An unsettled mystery from the Principality of Achaea: GEOFFROI II (cca. 1228-1246) or GUILLAUME II de VILLEHARDOUIN (1246-1278)(?) AE18x17mm, 0.60g, copper denier, Corinth mint, cca. 1230-1240s(?). G . P . ACCAIE; long cross pattee + CORINTVm; Acrocorinth fortress, surmounted by a cross. Malloy 3, Schlumberger XII 7, Metcalf Hesperia (1965) p. 206 fig. 9. It is not settled yet whether this type was minted under Geoffroi II or Guillaume and might even be from the ending of Geoffroi I's rule or throughout the three reigns until 1250. According to a recent study by Guy Sanders (Dating Frankish Coins with Pottery: Coin Circulation in Corinth cca. 1210-1314, 1st draft, p. 27), the stratigraphy and the pottery associated with this type appears to push its date to an early phase, during the last years of Geoffroi I or at least beginning of the reign of Geoffroi II. The deposits/stray finds studied alongside the pottery contexts in which they appeared at Corinth seem to be pointing to this early dating. Also such a dating could be supported by the similarity of the type to the Genoese types, which started being emulated in the Levant in the 1230s (a good example would be the "castle coppers" of the "new style" of Tripoli under Bohemond V of Antioch). Thus the coin circulation in the Corinth area after the Third Crusade according to Guy Sanders' hypothesis can be sequenced as follows: 1. Byzantine and Latin trachea 1204-1225/1230 (after the fall of Thessalonika to the Epirotes in 1224) 2. Villehardouin copper deniers of the CORINTVm type, minted locally as the currency of the realm 1225/1230-1246 3. Villehardouin CORINTI copper deniers, the new currency of the realm under the first period of the reign of Guillaume II 1246-1260s? 4. Villehardouin deniers of the ACHAIA type, possibly in the 1260s 5. Royal and feudal Frankish billon deniers tournois from 1267 and afterwards (after the Treaty of Viterbo) 6. Villehardouin local billon deniers tournois which circulated alongside the Royal and feudal deniers tournois cca. 1267-1300+ (it is likely that the first local deniers tournois were minted in the Principality after the Treaty of Viterbo and the Angevin overlordship). An interesting possible sequence.
@panzerman, Fantastic example! I like the irony of the motif, given that Jean 'le Bon' was taken prisoner at the Battle of Poitiers (1356), the central of England's main victories in the Hundred Years' War involving English longbows annihilating old-fashioned French heavy cavalry. It's also fun that the reverse shows up on contemporary jetons, into the 15th century. (...Does the obverse imitate another French gold coin? Never looked that up.)

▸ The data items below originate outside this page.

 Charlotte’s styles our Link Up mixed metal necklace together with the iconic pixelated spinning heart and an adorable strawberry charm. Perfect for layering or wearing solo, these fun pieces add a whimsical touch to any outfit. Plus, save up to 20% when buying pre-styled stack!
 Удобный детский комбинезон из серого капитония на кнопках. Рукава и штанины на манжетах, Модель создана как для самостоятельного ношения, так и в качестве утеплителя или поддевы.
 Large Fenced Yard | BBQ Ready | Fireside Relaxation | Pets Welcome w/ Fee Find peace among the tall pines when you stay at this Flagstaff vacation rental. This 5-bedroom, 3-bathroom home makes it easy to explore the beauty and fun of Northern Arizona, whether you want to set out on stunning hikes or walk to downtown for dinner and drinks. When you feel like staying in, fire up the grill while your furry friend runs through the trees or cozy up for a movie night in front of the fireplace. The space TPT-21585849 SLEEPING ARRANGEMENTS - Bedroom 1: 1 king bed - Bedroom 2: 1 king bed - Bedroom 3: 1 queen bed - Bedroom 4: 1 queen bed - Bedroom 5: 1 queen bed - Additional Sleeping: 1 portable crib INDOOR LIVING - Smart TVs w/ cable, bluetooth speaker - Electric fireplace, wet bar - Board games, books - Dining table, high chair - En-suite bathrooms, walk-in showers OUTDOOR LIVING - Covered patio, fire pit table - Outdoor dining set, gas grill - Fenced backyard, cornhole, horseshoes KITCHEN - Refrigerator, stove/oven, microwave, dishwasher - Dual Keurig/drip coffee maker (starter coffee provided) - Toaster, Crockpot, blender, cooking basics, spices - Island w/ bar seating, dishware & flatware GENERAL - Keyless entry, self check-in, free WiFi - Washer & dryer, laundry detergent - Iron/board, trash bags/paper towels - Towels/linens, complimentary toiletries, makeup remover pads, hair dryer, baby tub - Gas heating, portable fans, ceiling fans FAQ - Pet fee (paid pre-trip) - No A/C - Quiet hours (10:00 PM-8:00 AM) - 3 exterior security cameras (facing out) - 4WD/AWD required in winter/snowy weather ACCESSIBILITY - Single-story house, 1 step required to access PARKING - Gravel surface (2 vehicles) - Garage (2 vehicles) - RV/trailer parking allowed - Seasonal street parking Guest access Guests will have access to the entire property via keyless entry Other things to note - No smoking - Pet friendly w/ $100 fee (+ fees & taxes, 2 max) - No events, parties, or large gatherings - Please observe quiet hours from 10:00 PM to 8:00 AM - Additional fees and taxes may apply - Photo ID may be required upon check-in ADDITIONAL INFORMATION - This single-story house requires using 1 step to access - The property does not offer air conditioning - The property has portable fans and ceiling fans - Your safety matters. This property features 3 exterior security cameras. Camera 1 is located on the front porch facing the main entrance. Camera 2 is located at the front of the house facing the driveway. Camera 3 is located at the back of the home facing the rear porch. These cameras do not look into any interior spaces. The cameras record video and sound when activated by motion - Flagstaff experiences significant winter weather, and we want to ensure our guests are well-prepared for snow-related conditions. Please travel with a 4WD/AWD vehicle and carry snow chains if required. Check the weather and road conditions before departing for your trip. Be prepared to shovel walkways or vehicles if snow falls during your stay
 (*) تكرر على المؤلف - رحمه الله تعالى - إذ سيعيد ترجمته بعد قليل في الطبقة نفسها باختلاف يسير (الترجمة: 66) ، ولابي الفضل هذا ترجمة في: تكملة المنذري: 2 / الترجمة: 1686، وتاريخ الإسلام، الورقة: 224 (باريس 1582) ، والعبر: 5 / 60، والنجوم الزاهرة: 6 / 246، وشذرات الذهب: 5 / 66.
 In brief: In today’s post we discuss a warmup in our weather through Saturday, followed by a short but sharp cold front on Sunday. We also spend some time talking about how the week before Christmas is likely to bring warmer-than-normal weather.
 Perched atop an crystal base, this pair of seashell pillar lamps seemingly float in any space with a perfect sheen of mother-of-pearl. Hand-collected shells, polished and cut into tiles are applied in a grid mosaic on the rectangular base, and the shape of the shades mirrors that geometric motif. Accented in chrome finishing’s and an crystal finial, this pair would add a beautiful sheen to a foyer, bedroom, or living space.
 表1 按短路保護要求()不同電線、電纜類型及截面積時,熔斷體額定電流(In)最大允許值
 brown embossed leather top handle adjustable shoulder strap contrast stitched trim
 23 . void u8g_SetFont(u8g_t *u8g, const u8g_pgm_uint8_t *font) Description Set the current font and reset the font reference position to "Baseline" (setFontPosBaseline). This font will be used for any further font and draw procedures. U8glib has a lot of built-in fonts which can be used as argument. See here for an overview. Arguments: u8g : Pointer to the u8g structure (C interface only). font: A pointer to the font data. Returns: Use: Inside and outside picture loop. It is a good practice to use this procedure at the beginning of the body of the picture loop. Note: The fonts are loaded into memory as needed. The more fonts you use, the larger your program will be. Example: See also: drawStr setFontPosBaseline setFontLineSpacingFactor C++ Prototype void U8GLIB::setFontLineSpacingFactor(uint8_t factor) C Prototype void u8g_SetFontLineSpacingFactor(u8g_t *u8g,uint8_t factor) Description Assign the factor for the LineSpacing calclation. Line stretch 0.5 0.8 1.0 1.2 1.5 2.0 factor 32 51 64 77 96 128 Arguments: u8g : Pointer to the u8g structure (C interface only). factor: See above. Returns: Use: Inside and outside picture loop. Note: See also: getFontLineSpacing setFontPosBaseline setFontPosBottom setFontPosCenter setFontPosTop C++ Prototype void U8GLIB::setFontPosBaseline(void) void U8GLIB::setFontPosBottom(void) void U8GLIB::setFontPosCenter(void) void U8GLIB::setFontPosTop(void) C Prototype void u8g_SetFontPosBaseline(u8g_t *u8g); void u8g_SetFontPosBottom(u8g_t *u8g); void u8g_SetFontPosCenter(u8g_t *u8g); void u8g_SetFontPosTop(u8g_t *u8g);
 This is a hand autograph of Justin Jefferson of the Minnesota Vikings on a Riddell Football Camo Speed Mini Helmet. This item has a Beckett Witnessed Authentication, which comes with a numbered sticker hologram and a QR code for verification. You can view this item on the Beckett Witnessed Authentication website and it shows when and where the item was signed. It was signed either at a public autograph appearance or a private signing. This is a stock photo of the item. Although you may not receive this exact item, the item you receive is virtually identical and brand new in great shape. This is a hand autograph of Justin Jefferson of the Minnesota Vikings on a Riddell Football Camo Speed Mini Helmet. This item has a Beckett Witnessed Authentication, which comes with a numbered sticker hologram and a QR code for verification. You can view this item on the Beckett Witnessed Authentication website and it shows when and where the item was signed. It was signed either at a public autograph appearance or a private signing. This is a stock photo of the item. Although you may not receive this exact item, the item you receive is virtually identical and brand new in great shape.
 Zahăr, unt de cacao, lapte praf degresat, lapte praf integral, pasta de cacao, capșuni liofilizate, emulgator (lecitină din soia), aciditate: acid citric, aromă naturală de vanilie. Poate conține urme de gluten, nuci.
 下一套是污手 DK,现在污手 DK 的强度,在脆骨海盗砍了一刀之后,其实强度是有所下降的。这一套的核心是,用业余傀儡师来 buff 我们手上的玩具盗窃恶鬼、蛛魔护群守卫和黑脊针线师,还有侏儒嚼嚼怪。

Nice one, @seth77. I'd go for the earlier attribution, purely since Guillaume's later examples from Clarentia /Glarenza, with the denier tournois motif, can be safely attributed to Louis IX's personal authorization for him to issue them, while stopping by on the way to Egypt. Also, ones nearer the Genoese motif were being issued in Cyprus a little earlier than that, by Henri I. ...And, for those tuning in late, Typo Alert (Seth, Yes, it's a safe assumption that that's exactly what it was) : that's Fourth Crusade. (...Edit: After a quick check of Malloy, it turns out the issues of Cyprus with the more neo-Genoese motif go back to Gui de Lusignan (1192-94), continuing seamlessly through the reign of Henri I (1218-53).)
Yike, another typo! Now I'm starting to feel right at home. The burgundians (Edit: sic!!!) were, of course, allies of England --as anyone who saw the movie with Ingrid Bergman knows. ...It's interesting that you get the first rumblings, this early, of chivalric motifs with connotations which are as ceremonial as they are purely martial. Witness the royal portraits, numismatic and otherwise, showing the king in full armor as late as the 17th century. ...Granted that we can't just write off the efficacy of heavy cavalry from the 14th century. In other contexts, it was a functioning part of the tactical landscape well into the 15th. One book that's of use on that issue is Stephen Turnbull's Book of the Medieval Knight (1985; Cassell, 1996). Despite the title, the book (essentially narrative history, although it jumps around geographically) starts from the 14th century, ending with the late 15th. ...Also cool is that Turnbull focussed (mainly in other books) on the parallels between later European chivalry and the Samurai.